When the Beirut port explosion ripped through the city on August 4th, 2020, it left devastation that can never be measured in numbers alone. It also left Daniela Stephan with a new purpose. The filmmaker, who lost her home that day, found herself roaming the streets of Beirut, searching for her missing cat amid the ruins. This deeply personal experience would later shape The Sun Sets on Beirut, a docu-fiction about loss, resilience, and identity.
The Backstory:
“I lost my house,” Stephan recalls. “That was the day I truly realized how unstable everything is in this country. Tomorrow, anything can happen.” At the time, she had a completed script for a different film. But the explosion changed everything. “I didn’t care anymore about the film I had written. About six months later, I realized I wanted to make a film about a young girl in Beirut during this time.”
The result is a story that follows Mounia, a young girl searching for her lost cat in a city shattered by the explosion. Her quest is deeply symbolic. “On August 4th, my cat escaped the house,” Stephan shares. “As I looked for her, I saw street cats—lost, tired, limping. Some had no eyes. They became a metaphor for what we were feeling as humans.”
Themes of the Film:
Stephan’s exploration of grief and identity is rooted in her own experiences. Born in 1996, six years after Lebanon’s 15-year civil war ended, she describes her generation as “in limbo between life and death.” They inherited the traumas of their parents without the tools to process them. “Our parents didn’t have the time to understand their trauma. We were left with a deep sense of loss and confusion,” she explains. “The cat became the best metaphor to speak about something broader—loss, identity, and trauma.”
In crafting The Sun Sets on Beirut, Stephan chose a docu-fiction style to balance raw reality with creative distance. “At the time, I asked myself: ‘Do I want to do documentary or fiction?’ Fiction gave me the distance I needed,” she says. While the characters are fictional, they’re inspired by real events and emotions.
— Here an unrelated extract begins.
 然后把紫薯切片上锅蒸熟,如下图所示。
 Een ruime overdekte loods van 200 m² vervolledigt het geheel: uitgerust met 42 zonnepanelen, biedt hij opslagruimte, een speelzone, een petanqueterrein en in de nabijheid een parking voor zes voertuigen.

The cast and crew, all Lebanese and living in Beirut during the explosion, brought their personal experiences to the project. “The actors understood. They brought their own stories from August 4th. We wanted to tell the story of a lost generation—a generation searching for what’s been taken from them.”
Beirut, a Main Character:
The city itself plays a starring role in the film. For Stephan, Beirut is more than a backdrop; it’s a living, breathing character. “Beirut has been reconstructed seven times,” she says. “I grew up in its streets. It’s overwhelming, embellished, alive. The walls scream with messages from its people. None of the graffiti in the film was staged; it was already there, part of the city’s voice.”
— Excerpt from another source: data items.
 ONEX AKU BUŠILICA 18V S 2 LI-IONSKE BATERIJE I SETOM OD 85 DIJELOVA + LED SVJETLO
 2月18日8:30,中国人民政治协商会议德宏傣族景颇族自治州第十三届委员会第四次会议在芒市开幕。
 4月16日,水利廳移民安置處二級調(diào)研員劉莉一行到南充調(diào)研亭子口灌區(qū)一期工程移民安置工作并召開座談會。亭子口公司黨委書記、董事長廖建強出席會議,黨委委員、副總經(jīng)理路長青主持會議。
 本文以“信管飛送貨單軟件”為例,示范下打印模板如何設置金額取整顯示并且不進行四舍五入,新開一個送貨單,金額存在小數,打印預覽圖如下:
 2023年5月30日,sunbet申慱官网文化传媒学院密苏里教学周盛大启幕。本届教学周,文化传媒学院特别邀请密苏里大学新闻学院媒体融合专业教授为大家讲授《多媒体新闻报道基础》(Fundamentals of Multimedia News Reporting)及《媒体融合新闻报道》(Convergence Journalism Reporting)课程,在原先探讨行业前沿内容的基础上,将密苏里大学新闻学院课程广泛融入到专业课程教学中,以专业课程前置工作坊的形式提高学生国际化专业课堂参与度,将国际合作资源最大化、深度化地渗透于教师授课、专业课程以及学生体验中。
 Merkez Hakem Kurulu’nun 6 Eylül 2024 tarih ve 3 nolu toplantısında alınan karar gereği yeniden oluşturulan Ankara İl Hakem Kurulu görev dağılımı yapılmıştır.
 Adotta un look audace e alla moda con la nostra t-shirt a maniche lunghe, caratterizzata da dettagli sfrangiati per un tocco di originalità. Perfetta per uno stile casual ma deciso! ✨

Stephan’s film doesn’t just speak to Beirut’s people. It resonates far beyond Lebanon. At screenings, viewers from across the Arab world shared their own histories of loss and resilience. “People came up to me and talked about their countries, their struggles. It reminded me that at the end of the day, we’re all humans. We all suffer. We all bleed the same,” she reflects. “Wars thrive on dehumanization. When you recognize the humanity in others, you’re less likely to accept war.”
Stephan’s goal was to create a deeply personal film for Lebanese society—a reminder to stick together despite political and religious divides. But its impact has been broader than she expected. “It’s culturally specific but universal. When I was making the film, I didn’t anticipate this connection.”
Through Mounia’s journey, The Sun Sets on Beirut captures the weight of intergenerational trauma, the fragility of identity, and the enduring spirit of a city. “We didn’t write our own history,” Stephan says. “In Lebanon, history is passed down through stories, not textbooks. That’s dangerous because history repeats itself.”
Stephan’s film is both a rebellion and a reflection. It’s a way of preserving memory while questioning the future. In searching for her lost cat, Mounia searches for something larger—something many in Beirut and beyond are still trying to find.